# don't mistake someone with questions for a saboteur



## Maria Leopoldina

Olá!

Estou com dificuldade na tradução desta frase. Poderiam colaborar? O texto fala sobre a dificuldade de fazer a reengenharia de processos numa empresa. Têm os 20% que são a favor, os 20% que são contra e os 60% que ficam em cima do muro.

You will need to explain over and over again how and why process redesign will improve the company's prospects and their own job security. You do that through consistent and frequent training, casual interactions, and, most importantly, involving them in the process. And *don't mistake someone with questions for a saboteur*. You don't want robots; you want people who are thinking about things, who can highlight or uncover some great what-ifs that the others may not have seen. 

Seu verdadeiro desafio são os 60% que estão em cima do muro. Costumam ter a mente aberta, mas são indecisos e examinarão ambos os grupos de 20% para decidir de que “lado” ficar. Você precisará explicar repetidas vezes como e por que a reengenharia de processos melhorará as perspectivas da empresa e sua própria estabilidade no emprego. Faça isso através de treinamento constante e consistente, interações informais e, principalmente, envolvendo-os no processo. ............ Você não quer robôs; quer pessoas que pensem, que possam ressaltar ou descobrir alguns “e se isso, e se aquilo” importantes, que os outros podem não ter percebido.
 
Seria algo como "E não interprete mal alguém cujas perguntas parecem ser as de um sabotador?" 
 
Agradeço as sugestões.


----------



## GamblingCamel

Hi Maria.
Isn't it something like "Não confunda curiosidade com sabotagem!"


----------



## Vanda

...não confunda alguém com perguntas de um sabotador.

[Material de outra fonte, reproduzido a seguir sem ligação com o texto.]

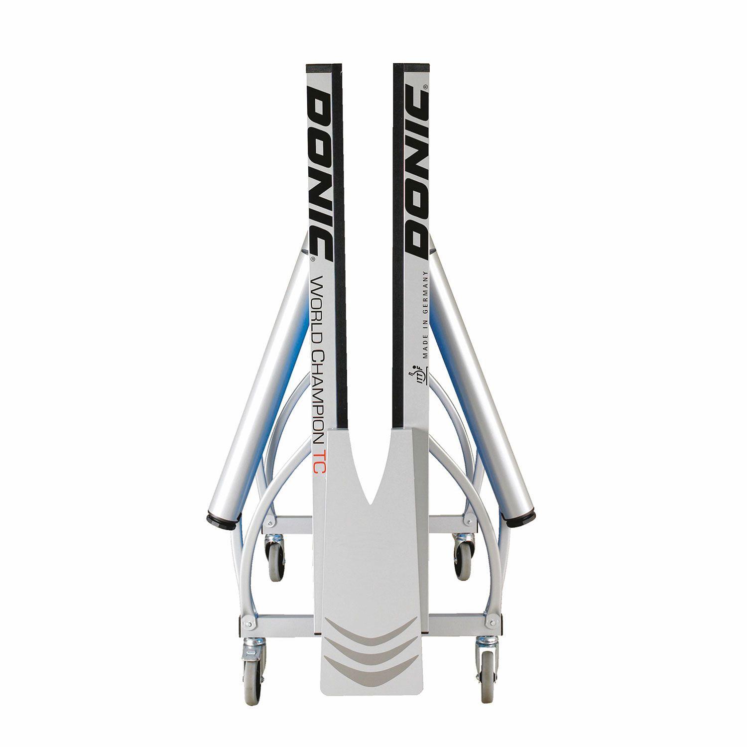 Стол изготовлен в соответствии со строгими промышленными стандартами DIN-рейки EN 14468-1, класса A, предназначенного для соревнований высшего уровня. Его оцинкованная стальная рама диаметром 60 x 20 мм обеспечивает непревзойденную долговечность, устойчивость к коррозии и долговечность. Широкие складные ножки диаметром 80 мм обеспечивают исключительную устойчивость, в то время как компенсаторы высоты гарантируют идеальный уровень игровой поверхности на всех типах поверхностей.

mistake somebody/something for somebody/something to think that a person or thing is really someone or something else _
The prison buildings could almost be mistaken for a college campus._


----------



## GOODVIEW

GamblingCamel said:


> Hi Maria.
> Isn't it something like "Não confunda curiosidade com sabotagem!"



Gambler, you are becoming a professor!


----------



## Audie

Talvez eu esteja mais curiosa que ML para entender o porquê de cada uma das respostas de vocês.
Vanda, esse link não é especificamente para o sentido de  '_mistake (smn) for (smn) else'_?  
GOOD e Camel, geralmente eu confundo 'alguém' com outro 'alguém' e não com outra coisa'.  Entenderam a minha dúvida? 
Se acharem mais fácil, podem postar um link de algum exemplo em vez de escreverem um tratado. 
Para adiantar: 
'_questions for a saboteur_' = perguntas de uma sabotador (Vanda)
'_questions for a saboteur_' = perguntas que um suposto sabotador faria (GOOD e Camel)


----------



## GOODVIEW

Audierunt said:


> Talvez eu esteja mais curiosa que ML para entender o porquê de cada uma das respostas de vocês.
> 
> Vanda, esse link não é especificamente para o sentido de  '_mistake (smn) for (smn) else'_?
> 
> GOOD e Camel, geralmente eu confundo 'alguém' com outro 'alguém' e não com outra coisa'.  Entenderam a minha dúvida?
> 
> Se acharem mais fácil, podem postar um link de algum exemplo em vez de escreverem um tratado.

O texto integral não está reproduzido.